I keep getting in wow error 132








when i go in certain places or use certain spells it appears the error and i have to restart wow.....
Can anyone help me with this,i posted this on several forums but no one seams to have an answer to it.


----------



## af3 (Jun 18, 2008)

Please contact Blizzard support. It appears to be their generic hardware error which could mean that your computer is overheating; you have an insufficient power source, or even video card. If it happens after say, an hour or two of gameplay, it may be a heat problem.

You can blast out your fans with a dust cleaner (can of air) or you could even go as far as to upgrade your fans.

Sometimes, as little as reapplying the heatsync compound can solve heat problems for you.

EDIT: http://forums.worldofwarcraft.com/board.html?forumId=11110&sid=1

As you can see, many have problems with this game and there appear to be few solutions. I was trying to look for a FAQ for error #132 but at this time, I remain unsuccessful.

Good luck... :4-dontkno


----------



## McNinja (Jun 22, 2008)

I seem to be finding something about low quality ram that has to d owith error #132


----------



## crazydude991 (Dec 1, 2008)

So the video card its overheating and i need more ram???
If that its the problem i think i can resolve it but till i resolve it can i install this game with the following requirements:
PC System Requirements

OS: Windows XP (Service Pack 3), Windows Vista (Service Pack 1)

Processor:

Minimum: Intel Pentium 4 1.3 GHz or AMD Athlon XP 1500+

Recommended: Dual-core processor, such as the Intel Pentium D or AMD Athlon 64 X2

Memory:

Minimum: 512 MB RAM (1GB for Vista users)

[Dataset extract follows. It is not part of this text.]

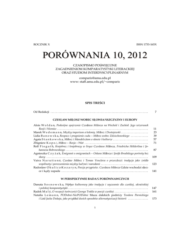 ROCZNIK X ISSN 1733-165X PORÓWNANIA 10, 2012 CZASOPISMO PO WI CONE ZAGADNIENIOM KOMPARATYSTYKI LITERACKIEJ ORAZ STUDIOM INTERDYSCYPLINARNYM [email protected] www: staff.amu.edu.pl/~comparis SPIS TRE CI Od Redakcji . . . . . . . . . . . . . . . . . . . . . . . . . . . . . . . . . . . . . . . . . . . . . . . . . . . . . . . . . . . . . . . . . . . . . . . . 7 CZES AW MI OSZ WOBEC S OWIA SZCZYZNY I EUROPY Alois W o l d a n, Podwójne spojrzenie Czes awa Mi osza na Wschód i Zachód. Jego wizerunek Rosji i Niemiec . . . . . . . . . . . . . . . . . . . . . . . . . . . . . . . . . . . . . . . . . . . . . . . . . . . . . . . . . . . . . . . . . . . Marek W e d e m a n n, Mi dzy imperium a koloni . Mi osz i Dostojewski . . . . . . . . . . . . . . . . . . . . Lidia B a n o w s k a, Rozpacz i pragnienie cudu Mi osz wobec Zdziechowskiego . . . . . . . . . . . . . Agata S t a n k o w s k a, Mi osz i Mandelsztam o s owie i kulturze . . . . . . . . . . . . . . . . . . . . . . . . . . Zbigniew K o p e , Mi osz Rosja Wat . . . . . . . . . . . . . . . . . . . . . . . . . . . . . . . . . . . . . . . . . . . . . . . Rolf F i e g u t h, Krajobraz i krajobrazy w liryce Czes awa Mi osza, Friedricha Hölderlina i Johannesa Bobrowskiego . . . . . . . . . . . . . . . . . . . . . . . . . . . . . . . . . . . . . . . . . . . . . . . . . . . . . . . . . . . . . Agnieszka C z y a k, Emigrant o emigrantach Oskara Mi osza i Josifa Brodskiego portrety bez skazy . . . . . . . . . . . . . . . . . . . . . . . . . . . . . . . . . . . . . . . . . . . . . . . . . . . . . . . . . . . . . . . . . . . . . . . . . . . Vaiva N a r u i e n é, Czes aw Mi osz i Tomas Venclova o przesz o ci: tradycja jako ród o wspólnoty i porozumienia mi dzy lud mi i narodami . . . . . . . . . . . . . . . . . . . . . . . . . . . . . . . . . . . Rados aw O k u l i c z-K o z a r y n, Poezja przypisów. Czes awa Mi osza Gdzie wschodzi s o ce i k dy zapada . . . . . . . . . . . . . . . . . . . . . . . . . . . . . . . . . . . . . . . . . . . . . . . . . . . . . . . . . . . . . . . . W PERSPEKTYWIE BADA 87 109 123 141 PORÓWNAWCZYCH Danuta S o s n o w s k a, Wp yw kulturowy jako tradycja i wyzwanie dla czeskiej, ukrai skiej i polskiej komparatystyki . . . . . . . . . . . . . . . . . . . . . . . . . . . . . . . . . . . . . . . . . . . . . . . . . . . . . . . . . . . Radek M a l ý, O recepcji twórczo ci Georga Trakla w poezji czeskiej . . . . . . . . . . . . . . . . . . . . . . . . . Natalia L e m a n n, PODobni-NiePODobni Muza dalekich podró y Teodora Parnickiego i Lód Jacka Dukaja, jako przyk ad dwóch sposobów alternatywizacji historii . . . . . . . . . . . . . . . 1 11 23 39 57 71 147 161 173 SZKICE O KULTURZE I LITERATURZE Daniel T o m c z a k, Poeta, poecie, poet Mi dzy artystyczn wolno ci a intencj autora . . . . . Kinga P i o t r o w i a k-J u n k i e r t, Bycie ydem jako sytuacja uniwersalna. ydowska faculté maîtresse Victora Klemperera . . . . . . . . . . . . . . . . . . . . . . . . . . . . . . . . . . . . . . . . . . . . . . . . . . . . . . Sabina G i e r g i e l, Sarajewski elementarz Miljenka Jergovicia . . . . . . . . . . . . . . . . . . . . . . . . . . . . . 189 207 221 RECENZJE Katarzyna L u k a s, Interdyskursywne maski Brunona Schulza (Dieter de Bruyn, Kris van Heuckelom (red.), (Un)masking Bruno Schulz. New Combinations, Further Fragmentations, Ultimate Reintegrations. Studies in Slavic Literature and Poetics LIV. Rodopi, Amsterdam New York 2009, ss. 529) . . . . . . . . . . . . . . . . . . . . . . . . . . . . . . . . . . . . . . . . . . . . . . . . . . . Agata P o p d a, Interdyscyplinarno (Robert Frodeman, Julie Thompson Klein, Carl Mitcham (red.), The Oxford Handbook of Interdisciplinarity. Oxford University Press 2010, pp. 304) . . . . Tomasz S ó j k a, Czytanie gwiazd (Grzegorz Raubo, Ludzie si na górne zapatruj obroty. Astronomiczne konteksty literatury polskiego baroku. Pozna 2011, ss. 244) . . . . . . . . . . . . . . Dobrochna D a b e r t, Wszystko, co chcieliby cie wiedzie o literaturze erotycznej w Czechach, a do tej pory wstydzili cie si zapyta . (Radim Kopá , Josef Schwarz, Z sta te tudí tajemstvím Známá i neznámá erotika (a skatologika) v eské literatu e 18092009. Artes Liberales. Wyd. Paseka, Praha 2010, ss. 128) . . . . . . . . . . . . . . . . . . . . . . . . . . . . . . . . . . . . . . . Jan G a l a n t, Odwil i poezja (Janusz Detka Wiersze polskiej odwil y (19531957). Wydawnictwo Uniwersytetu Humanistyczno-Przyrodniczego, Kielce 2010, ss. 256) . . . . . . Dorota S k o t a r c z a k, Historyk ogl da film (Marc Ferro, Kino i historia. T um. T. Falkowski. Warszawa 2011, ss. 292) . . . . . . . . . . . . . . . . . . . . . . . . . . . . . . . . . . . . . . . . . . . . . . . . . . . . . . Anna I d z i k o w s k a-C z u b a j, Czterdzie ci lat z ycia partii niezjednoczonej i nierobotniczej (Bohdan Halczak, Polska Zjednoczona Partia Robotnicza w powiecie. Funkcjonowanie powiatowych instancji PZPR na przyk adzie Zielonej Góry (19491989). Oficyna Wydawnicza Uniwersytetu Zielonogórskiego, Zielona Góra 2011, ss. 280) . . . . . . . . . . . . . . . . . . . 239 249 259 265 271 276 281 OMÓWIENIA Czes awa Mi osza pó nocna strona. Red. naukowa tomu Ma gorzata Czermi ska i Katarzyna Szalewska. Nadba tyckie Centrum Kultury w Gda sku. Gda sk 2011, ss. 496 (Jaros aw Bytner); Postscriptum Polonistyczne 2011, 1 (7) Mi osz w stulcie urodzin (Bogus aw Baku a); Kultur und / als Übersetzung. Russisch-deutsche Beziehungen im 20. und 21. Jahrhundert. Red. Christine Engel, Birgit Menzel. Frank & Timme. Berlin 2011, ss. 344 (Wolfgang Schlott, prze o y a Emilia Kledzik); Karol Irzykowski, A tizedik múzsa. A filmesztétika kérdései. Fordította: Dabi M. István és Szíjártó Imre. Magyar Képz m vészeti Egyetem Doktori Iskola Brozsek Kiadó, Budapest, 2011, ss. 218 (Kinga Piotrowiak-Junkiert); The Sarmatian Review, September 2011January 2012 (Bogus aw Baku a) . . . . . . . . . . . . . . . . . . . . . . . . . . . . . . 289 Au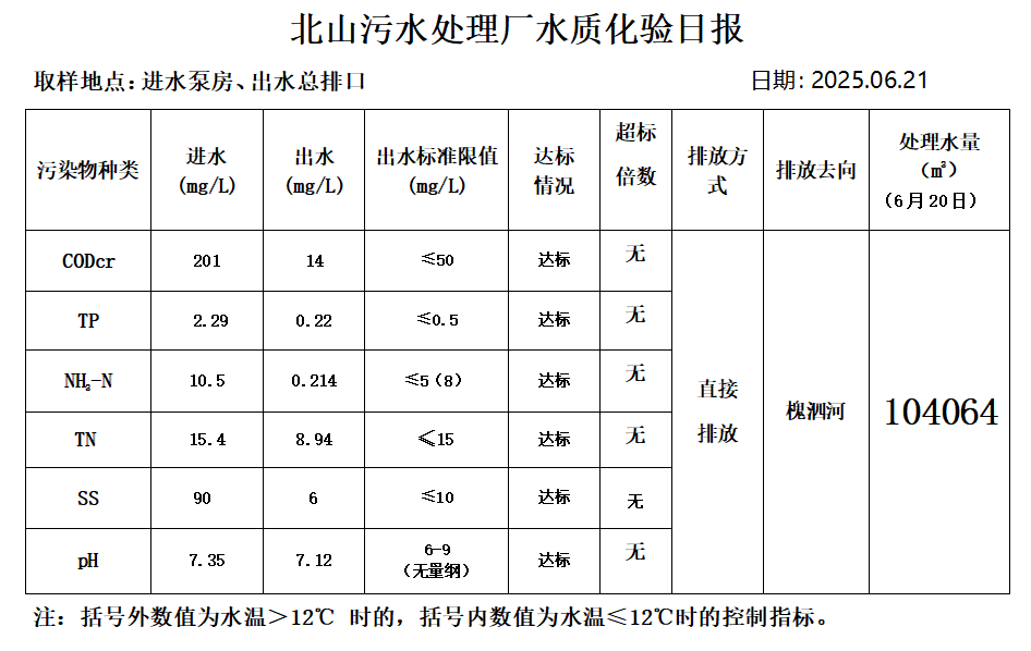 北山污水处理厂水质化验日报(25.6.21)

Recommended: 1 GB RAM (2 GB for Vista users)

Video:

Minimum: 3D graphics processor with Hardware Transform and Lighting with 32 MB VRAM
Such as an ATI Radeon 7200 or NVIDIA GeForce 2 class card or better

Recommended: 3D graphics processor with Vertex and Pixel Shader capability with 128 MB VRAM
Such as an ATI Radeon X1600 or NVIDIA GeForce 7600 GT class card or better

Sound: DirectX-compatible sound card or motherboard sound capability

on my laptop :
HP Pavilion dv6700 Notebook PC
BIOS: PhoenixBIOS 4.0 Release 6.1
AMD Turion(tm) 64 X2 Mobile Technology TL-60 (2 CPUs),~2.GHz
3006MB Ram
Video card: NVIDIA MCP67M GeForce 710M / nForce 630M Integrated RAMDAC , 1065 MB 
Will it work on my Laptop?and not give me any errors and overheating?


----------



## McNinja (Jun 22, 2008)

lets use this program and post back with your temps
Everest
http://majorgeeks.com/download4181.html


----------



## af3 (Jun 18, 2008)

Don't you just love games that give you generic errors?
I would go so far as to tell the user that there is a hardware issue possibly to do with heat or power and that they should click here to visit a step-by-step guide (local html documents) to ensuring that our game will run smoothly on your machine. 

crazydude991, it looks like your processor and graphics chip are fine for this game, but what do you have for RAM? Everest should be able to display information about your RAM.

To test for RAM problems, you can download and burn a MemTest86 CD:
http://www.memtest86.com/

Good luck! :wave:


----------